*** The records Section Begins ***

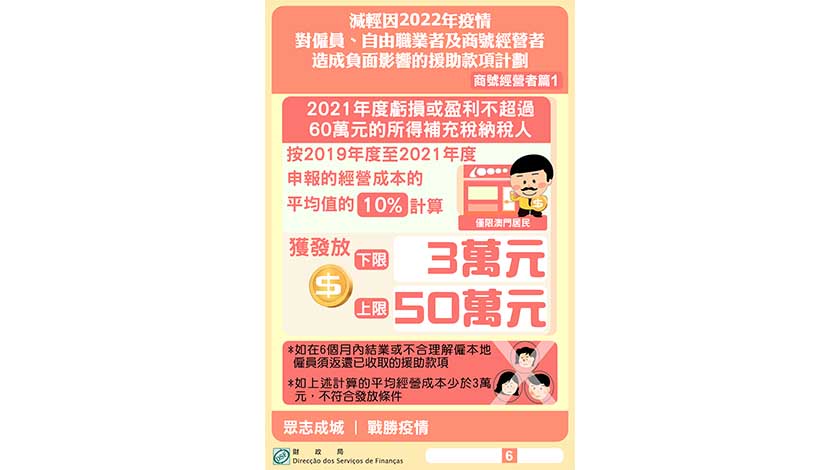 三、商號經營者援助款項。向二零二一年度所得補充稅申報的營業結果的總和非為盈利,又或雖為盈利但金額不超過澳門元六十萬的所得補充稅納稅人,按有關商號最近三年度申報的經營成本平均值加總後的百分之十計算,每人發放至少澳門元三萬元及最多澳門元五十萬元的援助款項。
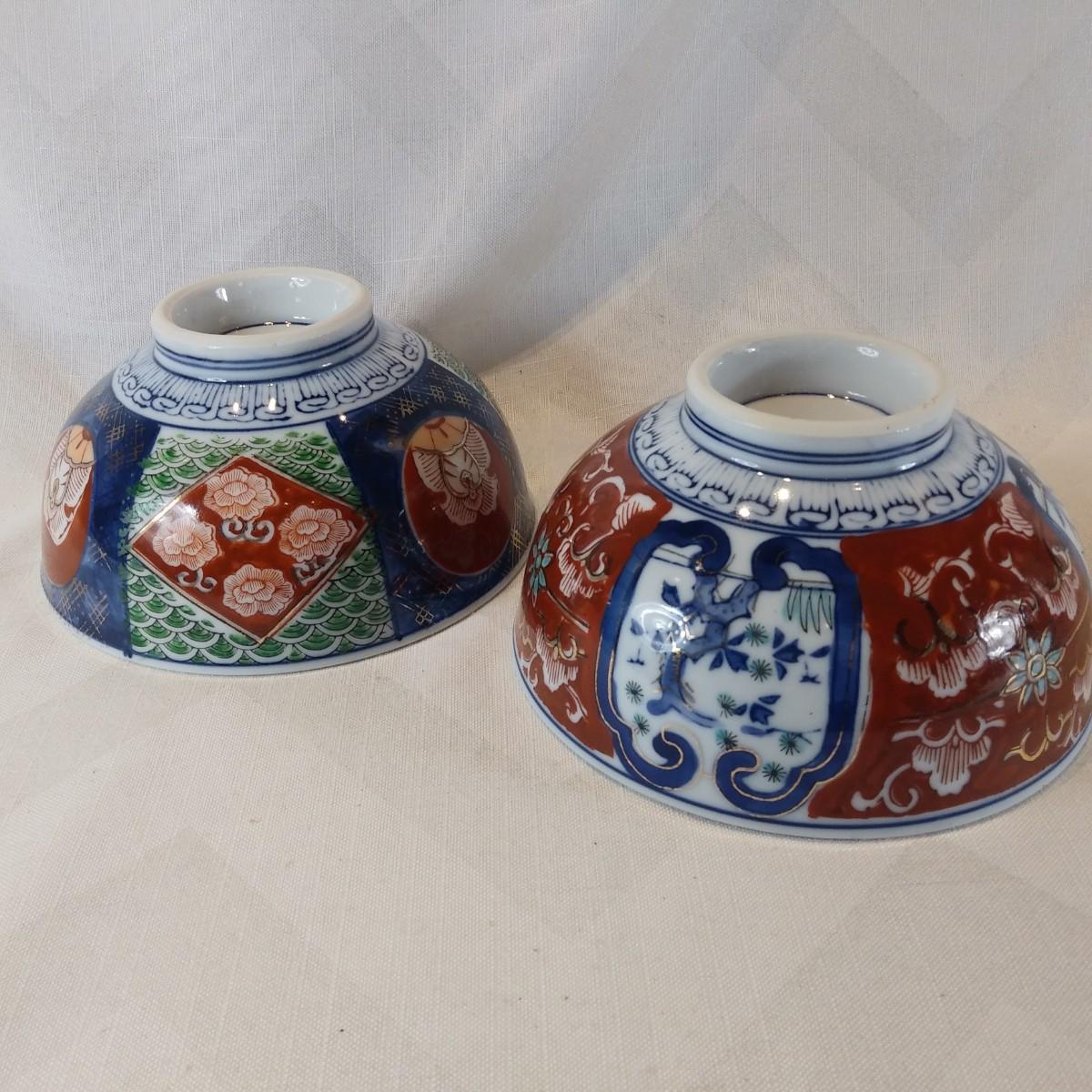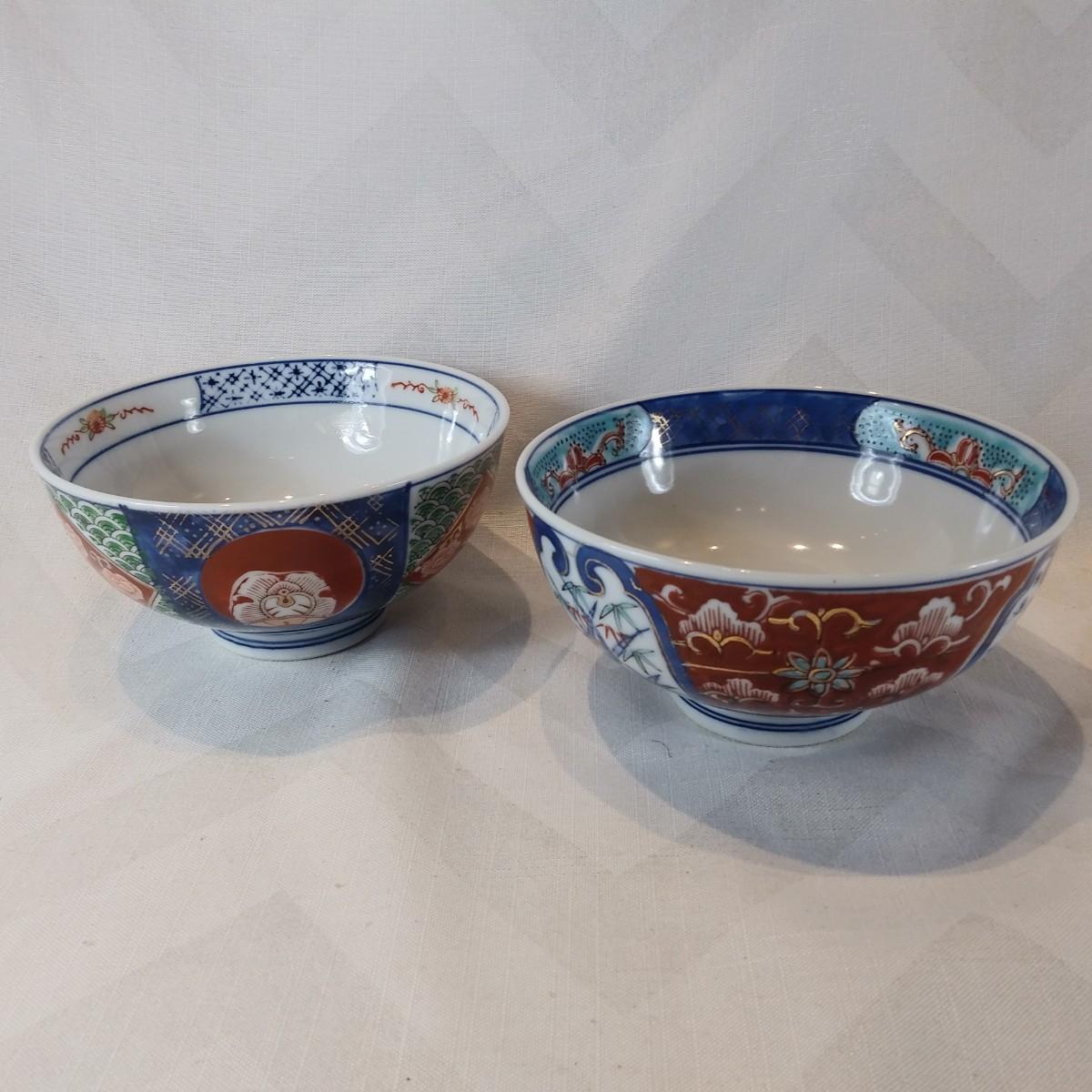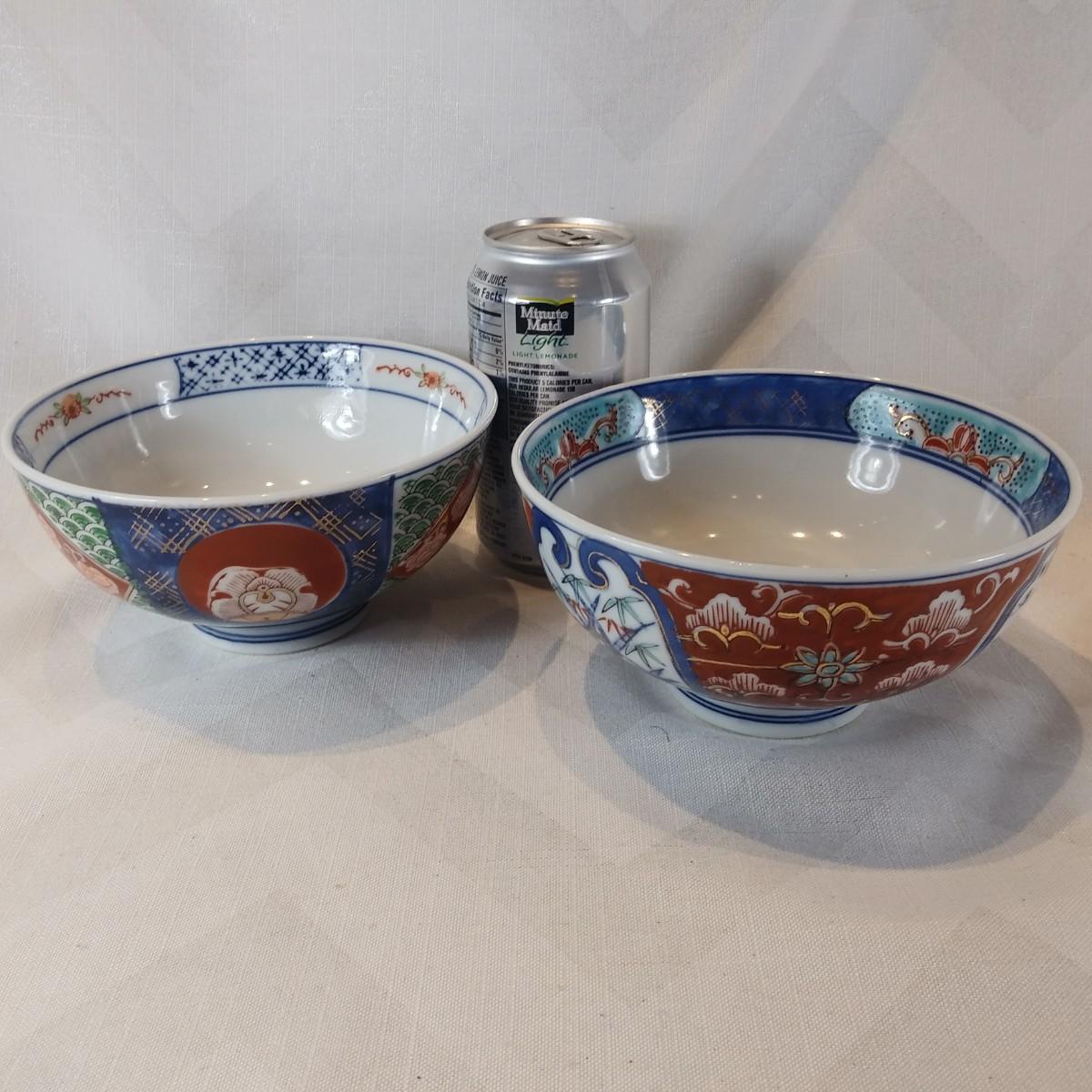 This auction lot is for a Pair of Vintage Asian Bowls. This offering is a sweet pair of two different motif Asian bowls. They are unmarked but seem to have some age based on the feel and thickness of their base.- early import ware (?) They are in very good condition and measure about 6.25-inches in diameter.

*** The records Section Ends ***
*** The records Section Begins ***

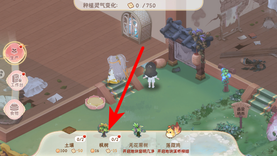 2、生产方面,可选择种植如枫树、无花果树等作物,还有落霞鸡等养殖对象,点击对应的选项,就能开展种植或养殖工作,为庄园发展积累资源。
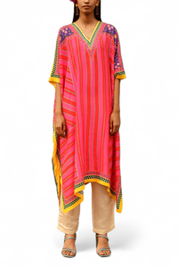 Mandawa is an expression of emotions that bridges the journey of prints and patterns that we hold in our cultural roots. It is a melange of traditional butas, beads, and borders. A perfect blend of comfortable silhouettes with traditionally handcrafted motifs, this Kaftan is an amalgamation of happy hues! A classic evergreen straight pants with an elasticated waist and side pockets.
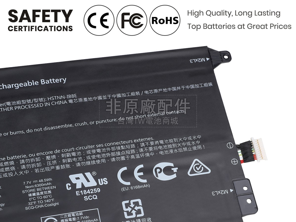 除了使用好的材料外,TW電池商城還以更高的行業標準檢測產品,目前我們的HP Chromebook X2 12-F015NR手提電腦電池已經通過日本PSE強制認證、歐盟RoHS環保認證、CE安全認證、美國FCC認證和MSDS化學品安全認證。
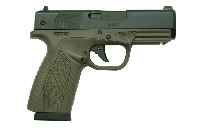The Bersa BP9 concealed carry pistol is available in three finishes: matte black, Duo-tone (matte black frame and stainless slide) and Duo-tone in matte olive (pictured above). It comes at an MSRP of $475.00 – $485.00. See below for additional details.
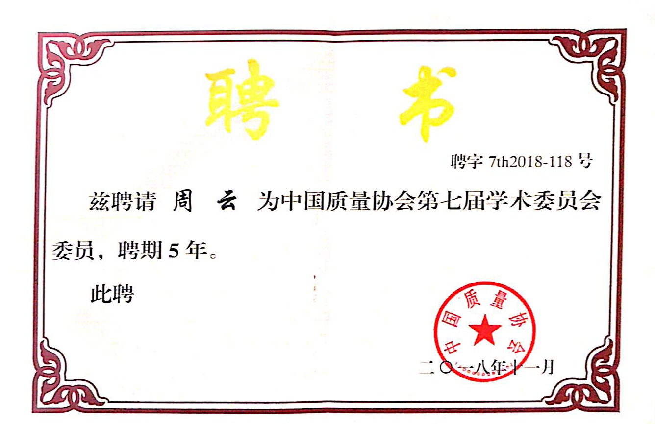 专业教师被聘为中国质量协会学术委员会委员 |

*** The records Section Ends ***
*** The records Section Begins ***

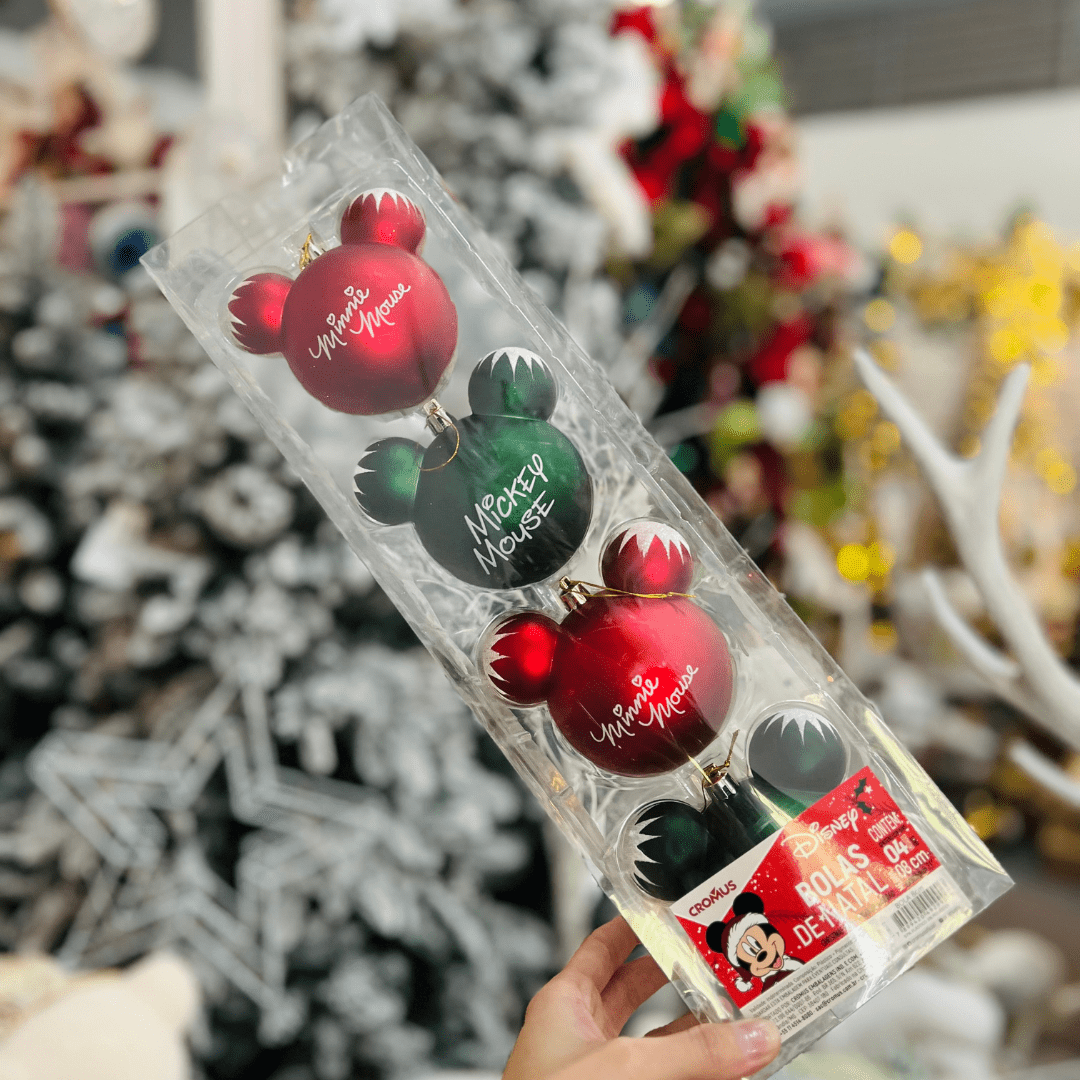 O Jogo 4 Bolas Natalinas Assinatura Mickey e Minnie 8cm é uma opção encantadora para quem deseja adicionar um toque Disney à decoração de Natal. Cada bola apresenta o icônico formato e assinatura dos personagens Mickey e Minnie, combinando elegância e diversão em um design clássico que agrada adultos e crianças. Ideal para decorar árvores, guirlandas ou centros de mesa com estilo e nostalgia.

*** The records Section Ends ***

_Your task_:
From the line holding "2、生产方面,可选择种植如枫" to the line holding "除了使用好的材料外,TW電池商城還以更高的行業標準檢測產品,目前我們的HP Chromebook X2", both included, retype the entries above exactly and drop the pictures.

_Written response_:
 2、生产方面,可选择种植如枫树、无花果树等作物,还有落霞鸡等养殖对象,点击对应的选项,就能开展种植或养殖工作,为庄园发展积累资源。
 Mandawa is an expression of emotions that bridges the journey of prints and patterns that we hold in our cultural roots. It is a melange of traditional butas, beads, and borders. A perfect blend of comfortable silhouettes with traditionally handcrafted motifs, this Kaftan is an amalgamation of happy hues! A classic evergreen straight pants with an elasticated waist and side pockets.
 除了使用好的材料外,TW電池商城還以更高的行業標準檢測產品,目前我們的HP Chromebook X2 12-F015NR手提電腦電池已經通過日本PSE強制認證、歐盟RoHS環保認證、CE安全認證、美國FCC認證和MSDS化學品安全認證。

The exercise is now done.